(Beginning of Given data)
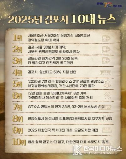 김포시는 지난 11월 7일부터 24일까지 네이버 설문조사 폼을 통해 교통, 교육, 문화, 복지, 관광 등 다양한 분야 20개 정책을 대상으로 ‘2025년 김포시 10대 뉴스’ 온라인 투표를 실시했다. 올해 10대 뉴스는 총 218명의 시민이 참여해 후보 21개 중 최대 5개까지 중복 선택하는 방식으로 선정됐다.
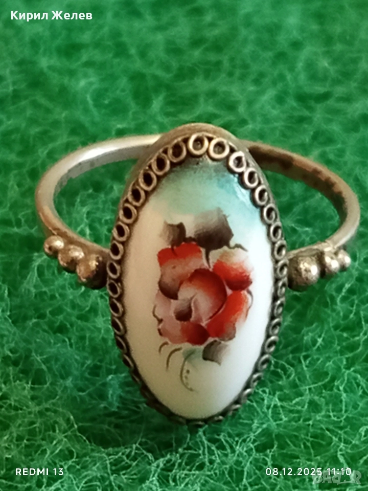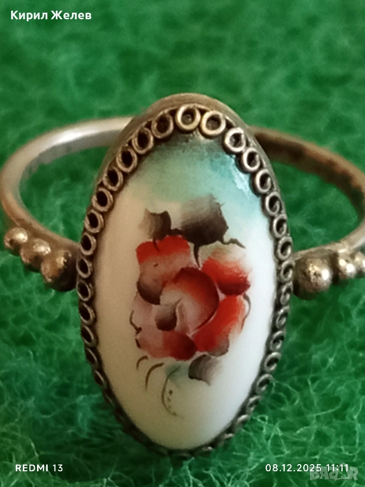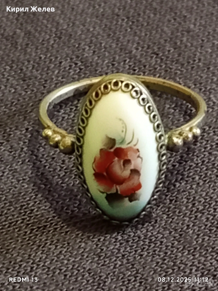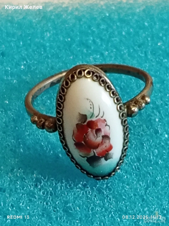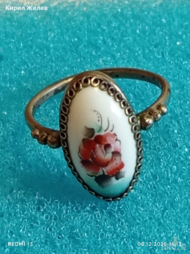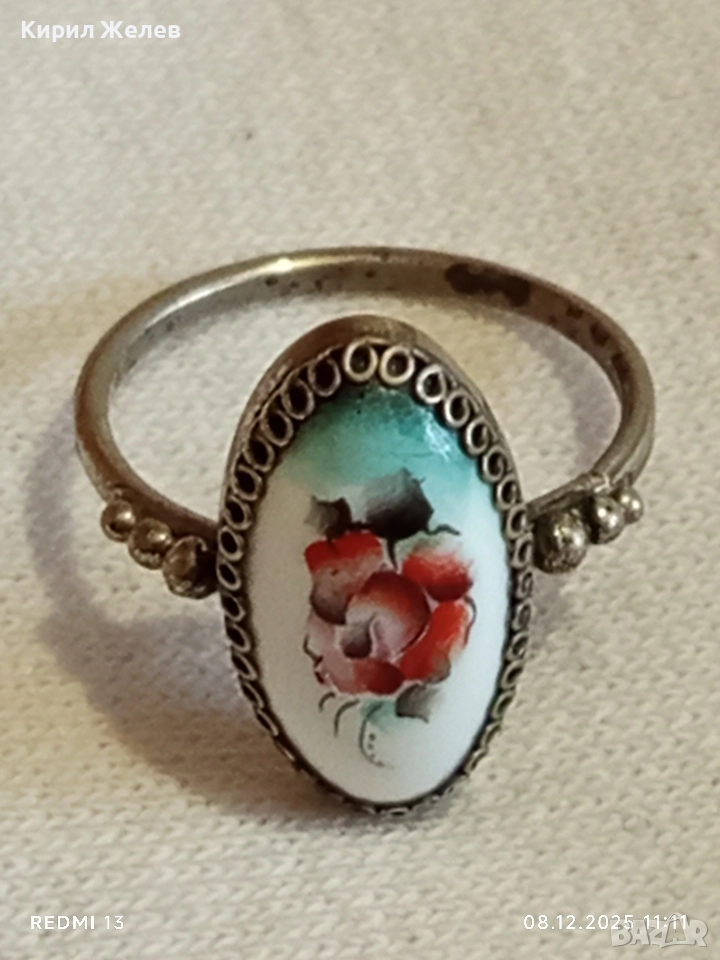 Винтидж сребърен пръстен с филигран и ръчно рисувана роза върху емайл 52426
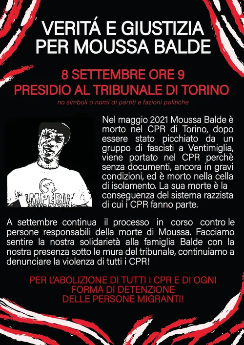 Radio Blackout - Info - Tuesday, September 9, 2025Moussa Balde era un amico e un compagno. Lo hanno trovato morto in una cella del CPR di Torino la notte tra il 22 e il 23 maggio 2021, dopo dieci giorni passati in isolamento. Dieci giorni in cui la direzione del CPR negava la sua presenza all’interno della struttura agli avvocati che lo stavano […]
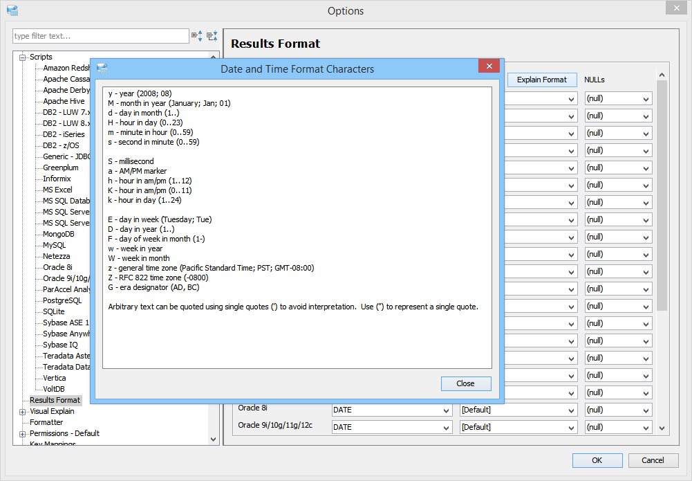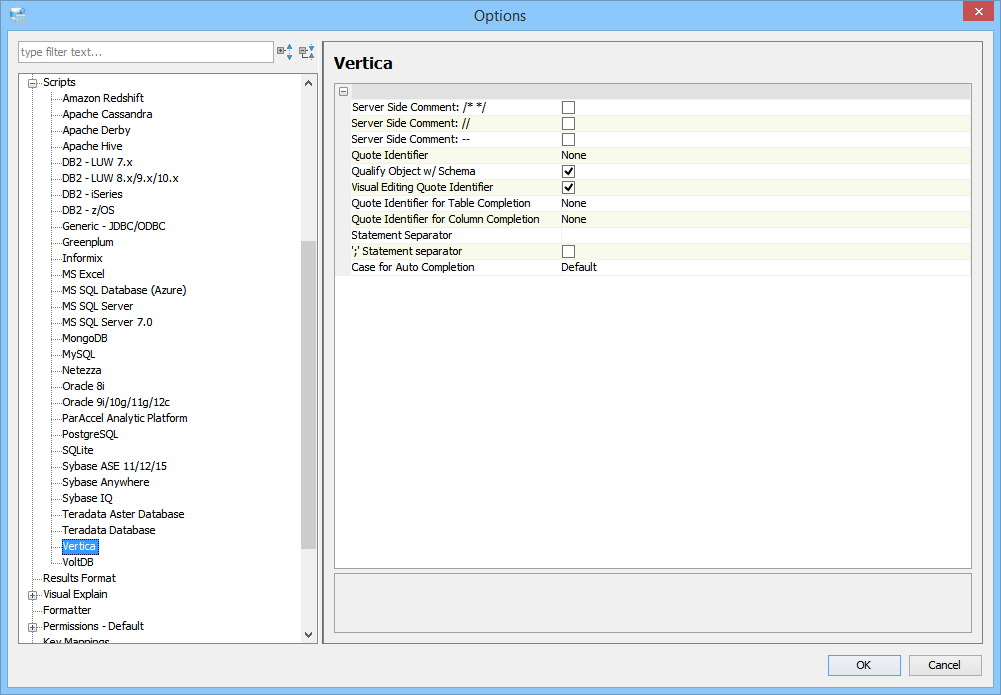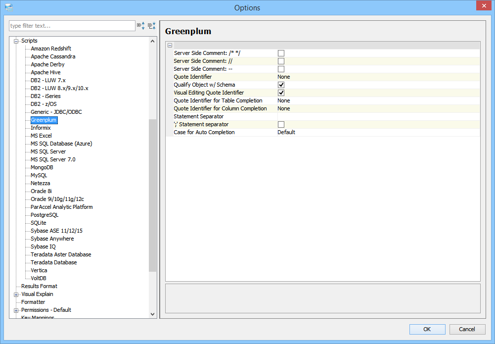 Scripts and Results Options determine settings for scripts (including server side comments, quote identifier and statement separator settings) and Query Results display settings (including data type formatting).
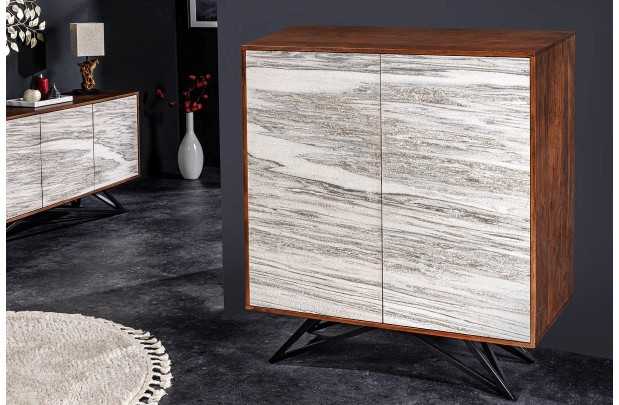 Buffet haut Mountain Soul 120cm en bois d'acacia placage pierre naturelle blanc
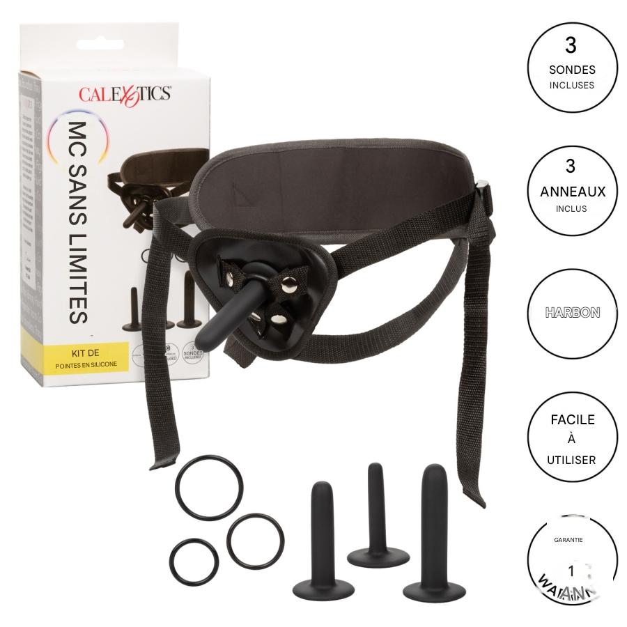 Boundless silicone anal penetration kit. With three progressive probes, an adjustable universal harness, and interchangeable rings for safe, comfortable, and controlled exploration.
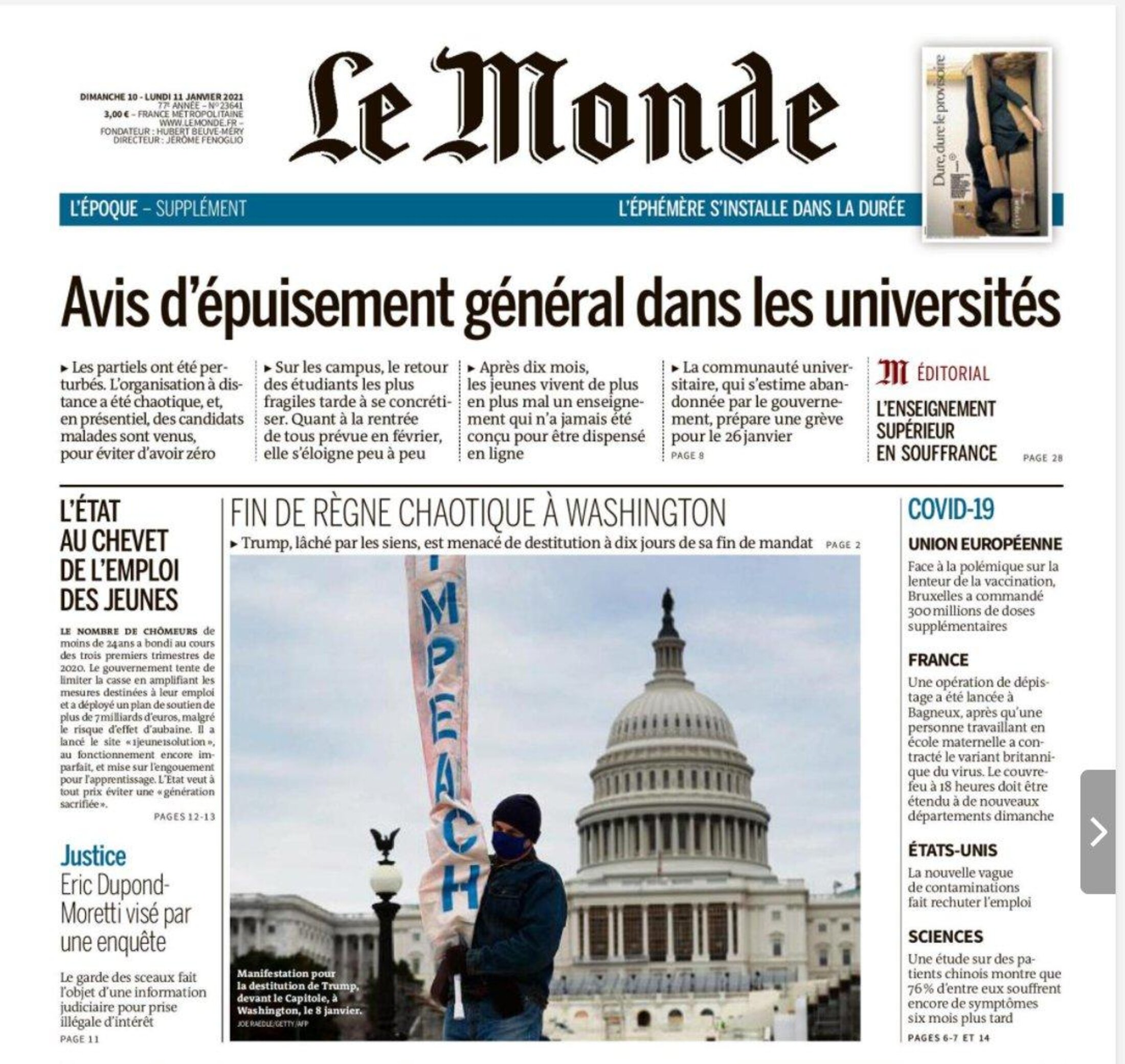 Rien. Pas un mot. Le technocrate de la Cour des comptes propulsé Premier ministre par la grâce d'un ancien Inspecteur général des Finances en remplacement d’un membre du Conseil d’Etat a, dans sa conférence de presse du 7 janvier 2021, passé en revue ceux des nombreux sujets relatifs à la diffusion du coronavirus en France qui lui paraissaient devoir retenir l’attention de son auditoire. L’enseignement supérieur n’en a pas fait partie. Il est vrai que celui-ci n’existe plus que virtuellement depuis que le gouvernement a décidé qu’afin de limiter nos interactions, la multiplication tous azimuts des lignes Maginot humaines et sociétales devait être la principale parade à cette propagation dans l’attente de la vaccination d’une partie significative des français, et que partant les étudiants ne devaient en principe plus être autorisés à accéder, sans qu'il soit besoin de procéder à une différenciation territoriale, à l'ensemble des campus de la République pour y suivre des enseignements en présentiel. Cette interdiction a été posée par le Premier ministre à l’article 34 du décret n° 2020-1310 du 29 octobre 2020 prescrivant les mesures générales pour faire face à l’épidémie de covid-19 dans le cadre de l’état d’urgence sanitaire.
(End of Given data)
Task statement »
The job here is to write out the records exactly, pictures excluded.

Problem solution »
 김포시는 지난 11월 7일부터 24일까지 네이버 설문조사 폼을 통해 교통, 교육, 문화, 복지, 관광 등 다양한 분야 20개 정책을 대상으로 ‘2025년 김포시 10대 뉴스’ 온라인 투표를 실시했다. 올해 10대 뉴스는 총 218명의 시민이 참여해 후보 21개 중 최대 5개까지 중복 선택하는 방식으로 선정됐다.
 Винтидж сребърен пръстен с филигран и ръчно рисувана роза върху емайл 52426
 Radio Blackout - Info - Tuesday, September 9, 2025Moussa Balde era un amico e un compagno. Lo hanno trovato morto in una cella del CPR di Torino la notte tra il 22 e il 23 maggio 2021, dopo dieci giorni passati in isolamento. Dieci giorni in cui la direzione del CPR negava la sua presenza all’interno della struttura agli avvocati che lo stavano […]
 Scripts and Results Options determine settings for scripts (including server side comments, quote identifier and statement separator settings) and Query Results display settings (including data type formatting).
 Buffet haut Mountain Soul 120cm en bois d'acacia placage pierre naturelle blanc
 Boundless silicone anal penetration kit. With three progressive probes, an adjustable universal harness, and interchangeable rings for safe, comfortable, and controlled exploration.
 Rien. Pas un mot. Le technocrate de la Cour des comptes propulsé Premier ministre par la grâce d'un ancien Inspecteur général des Finances en remplacement d’un membre du Conseil d’Etat a, dans sa conférence de presse du 7 janvier 2021, passé en revue ceux des nombreux sujets relatifs à la diffusion du coronavirus en France qui lui paraissaient devoir retenir l’attention de son auditoire. L’enseignement supérieur n’en a pas fait partie. Il est vrai que celui-ci n’existe plus que virtuellement depuis que le gouvernement a décidé qu’afin de limiter nos interactions, la multiplication tous azimuts des lignes Maginot humaines et sociétales devait être la principale parade à cette propagation dans l’attente de la vaccination d’une partie significative des français, et que partant les étudiants ne devaient en principe plus être autorisés à accéder, sans qu'il soit besoin de procéder à une différenciation territoriale, à l'ensemble des campus de la République pour y suivre des enseignements en présentiel. Cette interdiction a été posée par le Premier ministre à l’article 34 du décret n° 2020-1310 du 29 octobre 2020 prescrivant les mesures générales pour faire face à l’épidémie de covid-19 dans le cadre de l’état d’urgence sanitaire.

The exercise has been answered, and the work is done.